Every line from the one with "Modern Steel Front" to the final line of the records should be printed exactly as it is, with pictures left out.

*** Dataset records ***

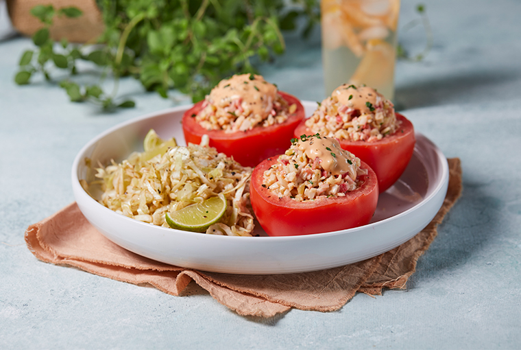 Tomates rellenos de trigo candeal y kanikama con guarnición
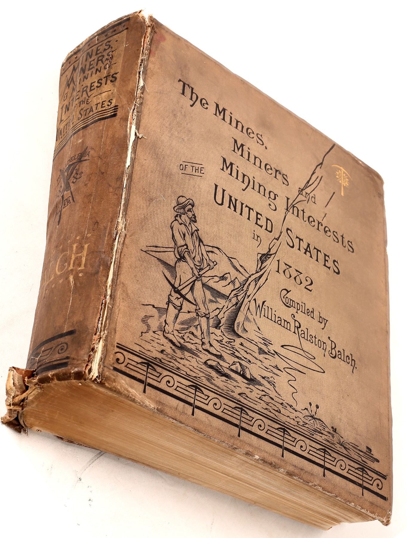 Mines miners and mining interests of the United States in 1882: compiled by William Ralston Balch 1882 - Publisher: Philadelphia- Mining Industrial Publishing Bureau, 1191 pp. A history of mining in the United States. Many illustrations, charts and tables. This book is one of the all-time classic mining references. It contains detailed information on companies, individual districts and metals in general. It is a large-scale reference work of approximately 8 x 11" size and 4 inches thick. Boards are unattached and the binding loose. This reference only comes up for auction about once every 10 years. Rarely available to collectors.
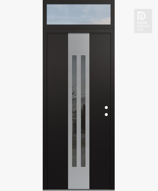 Modern Steel Front Door DIAMOND A8 36" X 96" BLACK/BLACK MIRRORED GLASS PANEL STAINLESS STEEL RHI WITH TRANSOM CLEAR GLASS
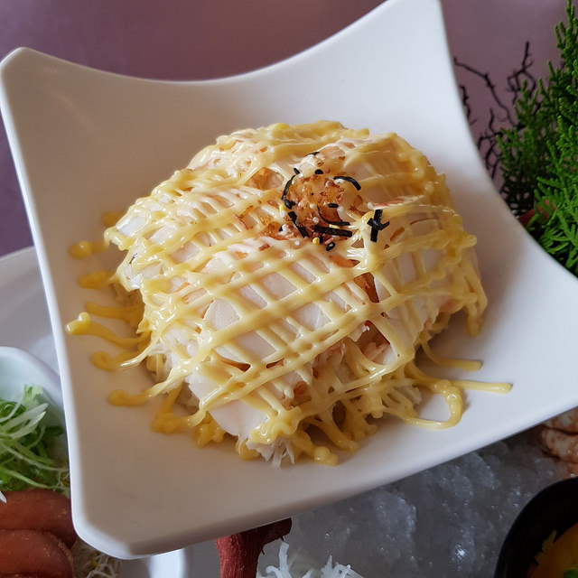 底下的干貝唇灑上一點芝麻,味道甘美濃郁,帶著點日是胡麻風味,和干貝唇本身太有的甜味,吃起來口感Q彈有勁。
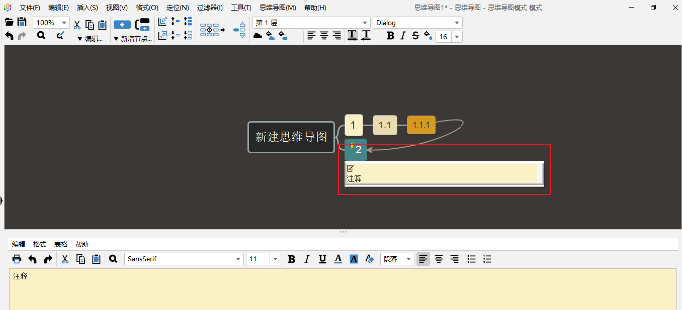 打开后你就可以选中节点进行添加笔记

*** End of Dataset records ***

_Exercise answer_
 Modern Steel Front Door DIAMOND A8 36" X 96" BLACK/BLACK MIRRORED GLASS PANEL STAINLESS STEEL RHI WITH TRANSOM CLEAR GLASS
 底下的干貝唇灑上一點芝麻,味道甘美濃郁,帶著點日是胡麻風味,和干貝唇本身太有的甜味,吃起來口感Q彈有勁。
 打开后你就可以选中节点进行添加笔记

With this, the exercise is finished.